NI weekly papers: Baths and a Stockdale snap
The memory of Jacob Stockdale scoring the only try in Ireland's pulsating victory over New Zealand last weekend will live long in the memories of Irish rugby fans.
As the Fermanagh Herald reports, one photographer captured what may become the most iconic image of the try.
Enniskillen snapper Tommy Dickson was perched on the walkway that wraps around Dublin's Aviva Stadium.
His picture shows winger Stockdale stretching for the line with two All Black defenders draped over him.
"I was sent up to get something different and I got lucky," Mr Dickson modestly told the Herald.
The paper says that the picture was splashed across the front page of the Irish Times and was shared all over social media.
"Viking crime" features in this week's Fermanagh Herald, as it reports on a spate of burglaries and thefts in rural and border areas of the county, including a break-in at a Kinawley church.
"There is a new trend in crime at the moment. There seems to be travelling gangs," said councillor Thomas O'Reilly, a member of the policing and community safety partnership.
"They just make raids like the old Vikings. They arrive in an area and they rob anything in front of them."
Calls for changes to the A1 dual carriageway receives widespread coverage in the Newry Democrat.
Paul Hughes, whose son, Peter, and two friends were killed on the road in 2015, has criticised politicians over what he says is their silence over the "notorious" road.
"Our politicians are content to ignore the real life carnage that is happening so frequently on this 20-mile stretch of road," Mr Hughes said.

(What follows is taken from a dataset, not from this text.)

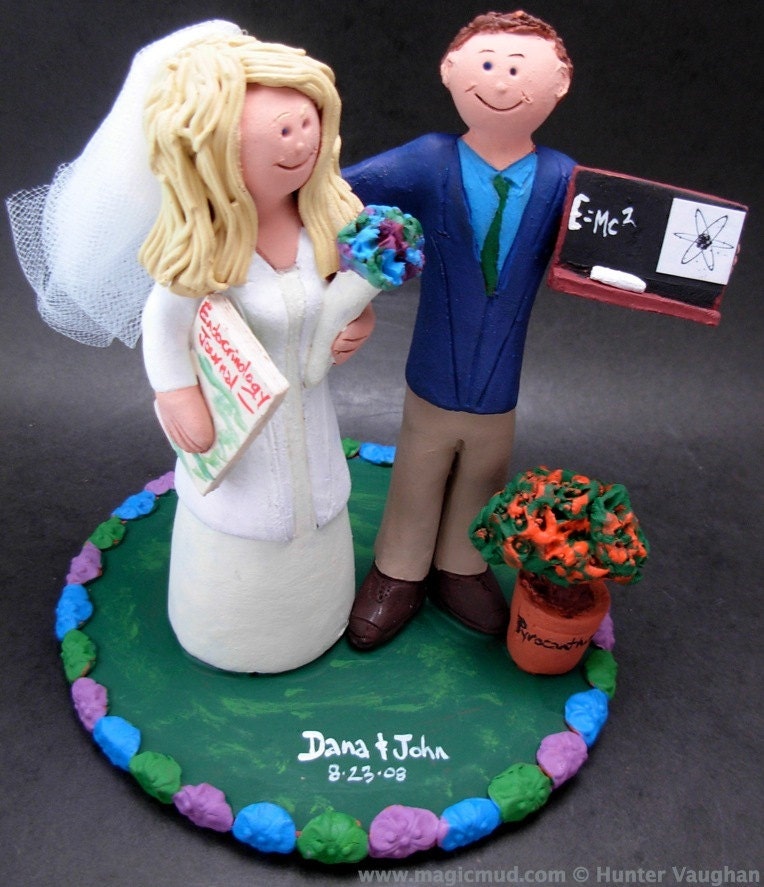 Teacher Bride Wedding Cake Topper, custom created for you! Perfect for the marriage of a Groom and his Bride! The photographs in this listing are but an example of what we will create for you....simply email or call toll free with your own info and pictures of yourselves, and we will sculpt for you a treasured memory from your wedding!

Meanwhile, a petition started by Ciara Sands, whose boyfriend, Karl Heaney, died in a crash on the road in May, has gathered thousands of signatures.
The petition calls for the completion of road improvements on the A1.
The paper also reports that Newry, Mourne and Down District Council is seeking development proposals for the historic Warrenpoint Baths.
The Baths were opened in 1907 and featured a saltwater swimming pool, later converted into a boating pool.
"Globe-trotting civic leaders" makes headline news in the Antrim Guardian.
The Guardian says that Antrim and Newtownabbey Borough Council paid for 17 tickets at £1,000 a time for a trip to sister city Gilbert, Arizona.
"Of course, that does not cover meals, but that's what expenses are for," the paper adds.
In response, Mayor Paul Michael said the trade mission will more than pay for itself, predicting that it will net $1m (£780K)in investment.
A picture inside the Mid Ulster Mail shows Ballinderry toddler Charlie Ferris sitting beside some of the casts he has worn to correct a spinal curve.
Charlie, who has infantile scoliosis, has been receiving treatment in the US which is unavailable through the NHS.
His mother, Donna, says the curve in Charlie's spine is now down to six degrees after 14 trips to Shriner Hospital in Philadelphia over the last 30 months.
Since setting up a social media page about Charlie, Donna says she has been contacted by people from all over the world, including a mother from Omagh, who followed her advice and took her child to the US for treatment.
Other medical news in the paper is not so positive, as it reports that only 11.9% of patients referred for an urgent breast cancer assessment in the Northern Trust were seen within 14 days.
Councillor Trevor Wilson says the figure "is not good enough".
In County Londonderry, the Coleraine Chronicle says there are hopes that a new £25.5m Northern Regional College campus in the town could be the "catalyst for economic growth and regeneration".
Mel Higgins, the college's chief operating officer, told a public meeting it will have the equivalent of 1,300 full-time students and 180 staff.
"The new campus will also create employment opportunities for construction and provide revenue for the town centre," he said.
Meanwhile, Causeway and Glens Council is seeking funding for the £500,000 development of a walking trail at the Magheracross beauty spot between Portrush and Bushmills.
Plans were unveiled at the council's leisure and development meeting.
Dirty syringes and fake licences
A stark warning has been issued to parents after dirty syringes, suspected of being used for drug taking, were found in a Portadown estate.
According to the Portadown Times, the Edgar Residents Association told parents they should warn their children of the dangers of lifting syringes.
The discovery has also prompted an appeal for drug users to "wise up" as they are not only putting themselves at risk, but risking the safety of others too.
The Times has a story on a Craigavon Court judge who has hit out at the number of people using fake driving licences.
District Judge, Bernie Kelly, said she will "start sending people to prison" for the offence.
She made the comments during a case last Friday at Craigavon Magistrates Court.